Recorded data START
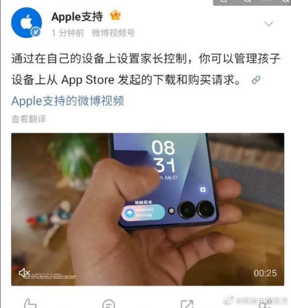 苹果回应支持账号误发三星广告,正与微博沟通调查
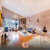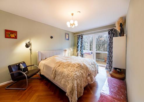 Das lichtdurchflutete Wohnzimmer beeindruckt mit einer Raumhöhe von bis zu 4 Metern sowie einem offenen Marmorkamin, der dem Raum eine elegante und zugleich warme Note verleiht. Der edle Fischgrät-Teakholzparkett (Vollholz) Boden, der sich über Wohnzimmer und Schlafzimmer erstreckt, unterstreicht den exklusiven Charakter der Wohnung.
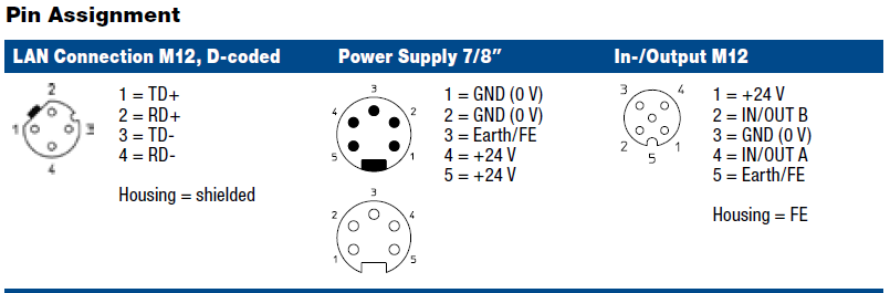 I/O Connection: M12, 5-poles, A-coded
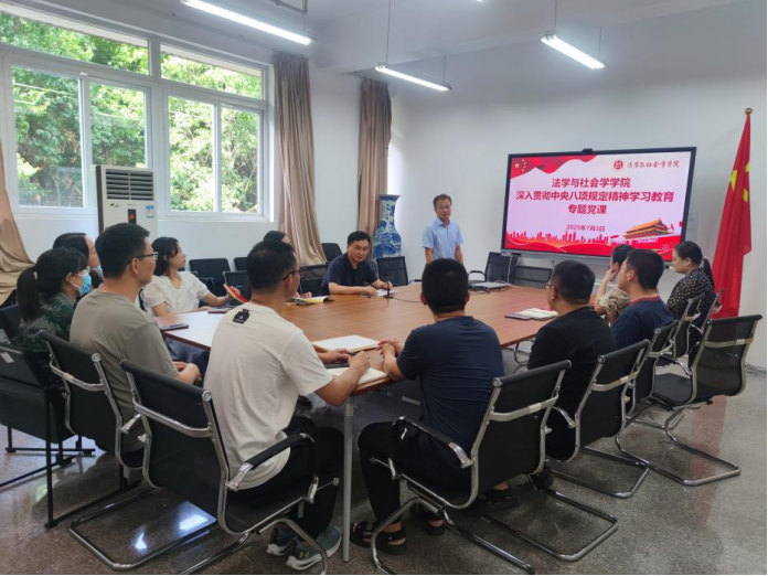 7月3日,太阳成tyc234cc副院长侯明喜在慧智楼90407会议室讲授了深入贯彻中央八项规定精神学习教育专题党课,学院行政人员和系主任参加会议。
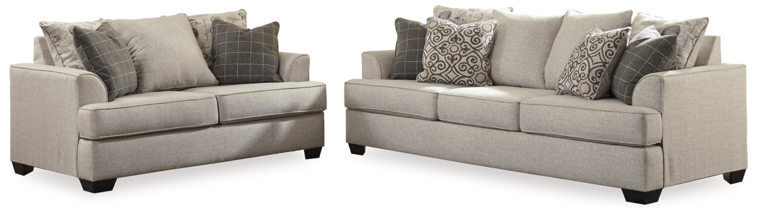 For the style enthusiast on a mission. This sofa and loveseat set takes a unique approach to design. Back cushions flaunt a vintage-inspired “Paris” script. Throw pillows continue the charm with gray-infused scroll and plaid patterns. Flared arms and neutral hue lend transitional appeal. Covered in a luxurious linen-like chenille, its softness and luxurious comfort will keep you coming back.
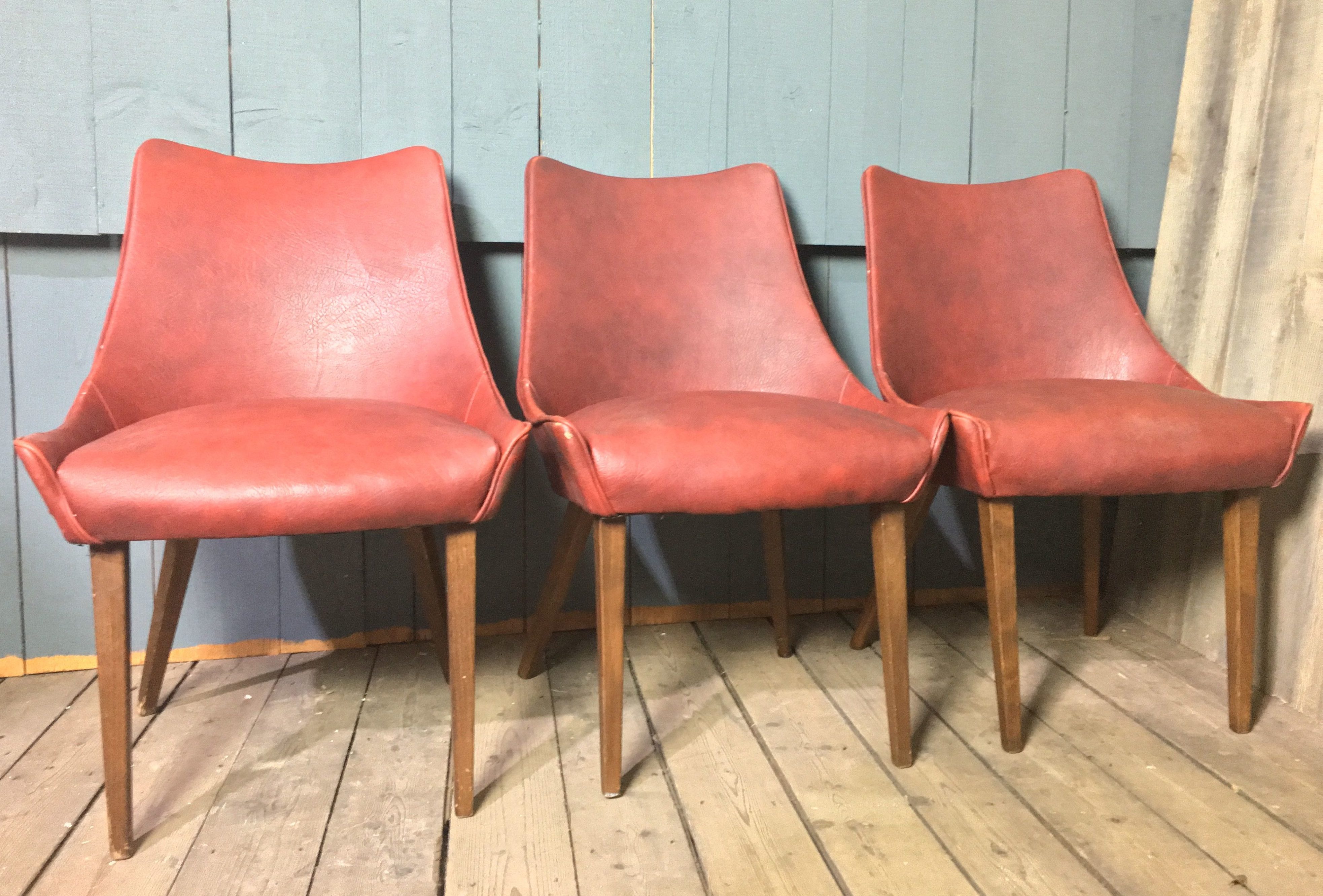 Lovely set of 3 dark mottled red vinyl deco style chairs on teak legs.
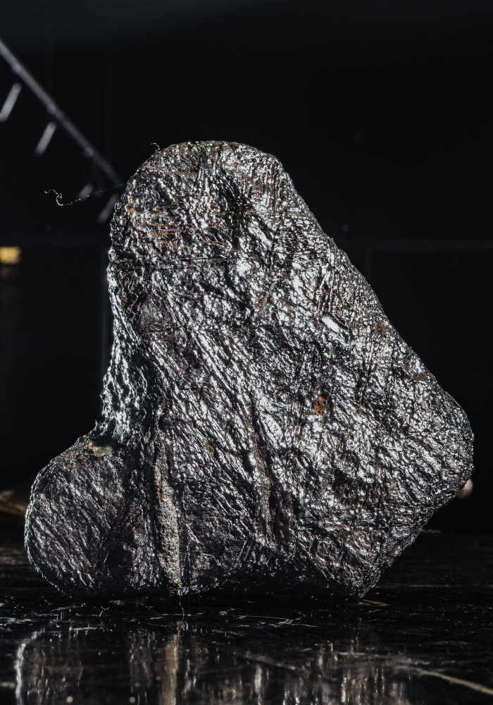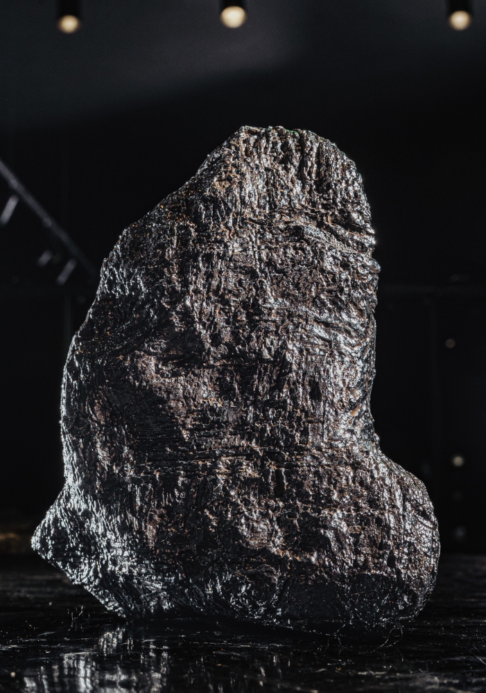 Фрагмент метеорита Сеймчан, найденного в Магаданской области в 1967 году. Представляет собой небольшой металлический обломок. Рельеф поверхности сглаженный, что может быть результатом водной эрозии. Внутренняя структура образца неизвестна. Метеорит Сеймчан относится к палласитам, и имеет неоднородный состав. Известны как цельнометаллические обломки, так и содержащие зерна оливина. В данном случае, учитывая солидную массу, образец может целиком состоять из железо-никелевого сплава. Фрагмент метеорита Сеймчан имеет высокую коллекционную ценность, а также может быть использован как сырье для создания ювелирных изделий.
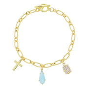 Jane Marie 18K Gold Plated Bracelet w/ Teardrop Crystal & Pendants JM6632B
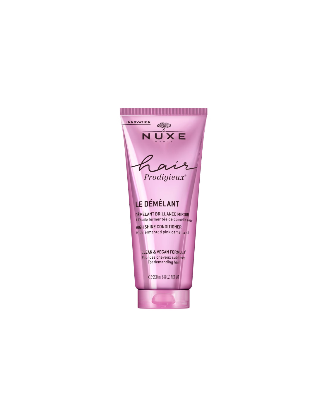 Fruto de la especialización de los Laboratorios Nuxe en aceites vegetales, el Acondicionador Brillo Sublime limpia y perfuma el cabello con suavidad. Formulado sin siliconas, este acondicionador, con aceite fermentado de Camelia rosa, nutre intensamente la fibra capilar. Su textura de bálsamo con la fragancia mítica de Huile Prodigieuse® envuelve el cabello en un ritual sensorial increíble. El cabello queda lleno de brillo y con un adictivo tacto sedoso.
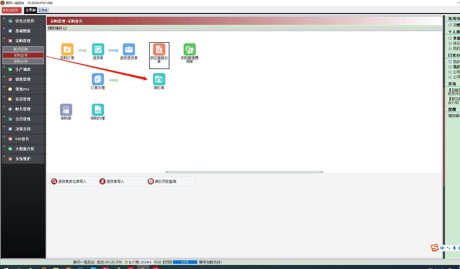 进入系统→采购管理→采购业务→询价单
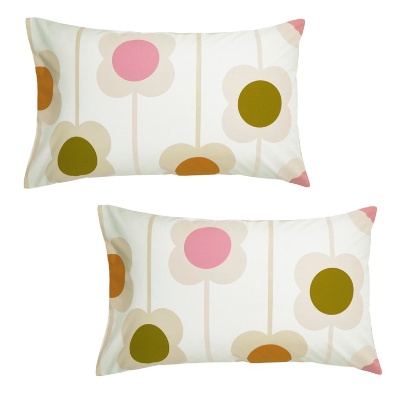Printed onto a 200 thread count cotton percale base, Orla Kiely’s classic design is recolored in warm neutral shades and paired with pops of pink, orange, green for a colorful, retro look.
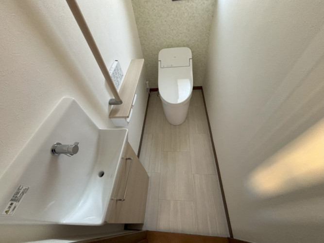 2階トイレは家族だけの使用を想定しタンク付き機種を選択。
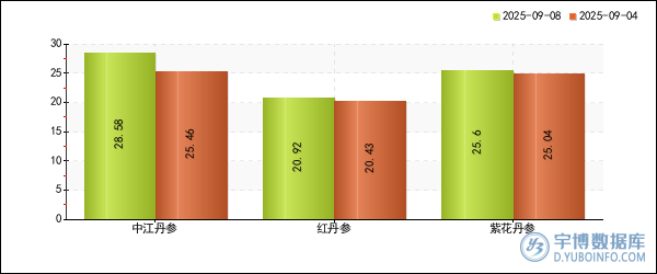 宇博智業(yè)監(jiān)測數(shù)據(jù)顯示,2025年09月08日,全國6類丹參中,均價上漲的品種有3個,
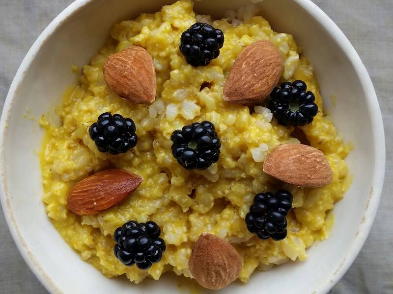 Breng water en rijstdrank hevig aan de kook onder gesloten deksel. Neem de pot van het vuur en voeg al roerend met een garde de polenta, gedroogd fruit en geelwortel toe in één beweging. (Giet ze naast de garde om klontering te voorkomen.) Blijf roeren tot de pap stevig is en schep onmiddellijk uit. In het geval van een portie voor meerdere personen: schep de polenta onmiddellijk in kommetjes. Garneer met (grof gehakte) noten en geroosterde boekweitkorrels en eet het dessert op lichaamstemperatuur
Recorded data END
Exercise: Output all the entries above verbatim, please. No images.

Answer space:
 苹果回应支持账号误发三星广告,正与微博沟通调查
 Das lichtdurchflutete Wohnzimmer beeindruckt mit einer Raumhöhe von bis zu 4 Metern sowie einem offenen Marmorkamin, der dem Raum eine elegante und zugleich warme Note verleiht. Der edle Fischgrät-Teakholzparkett (Vollholz) Boden, der sich über Wohnzimmer und Schlafzimmer erstreckt, unterstreicht den exklusiven Charakter der Wohnung.
 I/O Connection: M12, 5-poles, A-coded
 7月3日,太阳成tyc234cc副院长侯明喜在慧智楼90407会议室讲授了深入贯彻中央八项规定精神学习教育专题党课,学院行政人员和系主任参加会议。
 For the style enthusiast on a mission. This sofa and loveseat set takes a unique approach to design. Back cushions flaunt a vintage-inspired “Paris” script. Throw pillows continue the charm with gray-infused scroll and plaid patterns. Flared arms and neutral hue lend transitional appeal. Covered in a luxurious linen-like chenille, its softness and luxurious comfort will keep you coming back.
 Lovely set of 3 dark mottled red vinyl deco style chairs on teak legs.
 Фрагмент метеорита Сеймчан, найденного в Магаданской области в 1967 году. Представляет собой небольшой металлический обломок. Рельеф поверхности сглаженный, что может быть результатом водной эрозии. Внутренняя структура образца неизвестна. Метеорит Сеймчан относится к палласитам, и имеет неоднородный состав. Известны как цельнометаллические обломки, так и содержащие зерна оливина. В данном случае, учитывая солидную массу, образец может целиком состоять из железо-никелевого сплава. Фрагмент метеорита Сеймчан имеет высокую коллекционную ценность, а также может быть использован как сырье для создания ювелирных изделий.
 Jane Marie 18K Gold Plated Bracelet w/ Teardrop Crystal & Pendants JM6632B
 Fruto de la especialización de los Laboratorios Nuxe en aceites vegetales, el Acondicionador Brillo Sublime limpia y perfuma el cabello con suavidad. Formulado sin siliconas, este acondicionador, con aceite fermentado de Camelia rosa, nutre intensamente la fibra capilar. Su textura de bálsamo con la fragancia mítica de Huile Prodigieuse® envuelve el cabello en un ritual sensorial increíble. El cabello queda lleno de brillo y con un adictivo tacto sedoso.
 进入系统→采购管理→采购业务→询价单
Printed onto a 200 thread count cotton percale base, Orla Kiely’s classic design is recolored in warm neutral shades and paired with pops of pink, orange, green for a colorful, retro look.
 2階トイレは家族だけの使用を想定しタンク付き機種を選択。
 宇博智業(yè)監(jiān)測數(shù)據(jù)顯示,2025年09月08日,全國6類丹參中,均價上漲的品種有3個,
 Breng water en rijstdrank hevig aan de kook onder gesloten deksel. Neem de pot van het vuur en voeg al roerend met een garde de polenta, gedroogd fruit en geelwortel toe in één beweging. (Giet ze naast de garde om klontering te voorkomen.) Blijf roeren tot de pap stevig is en schep onmiddellijk uit. In het geval van een portie voor meerdere personen: schep de polenta onmiddellijk in kommetjes. Garneer met (grof gehakte) noten en geroosterde boekweitkorrels en eet het dessert op lichaamstemperatuur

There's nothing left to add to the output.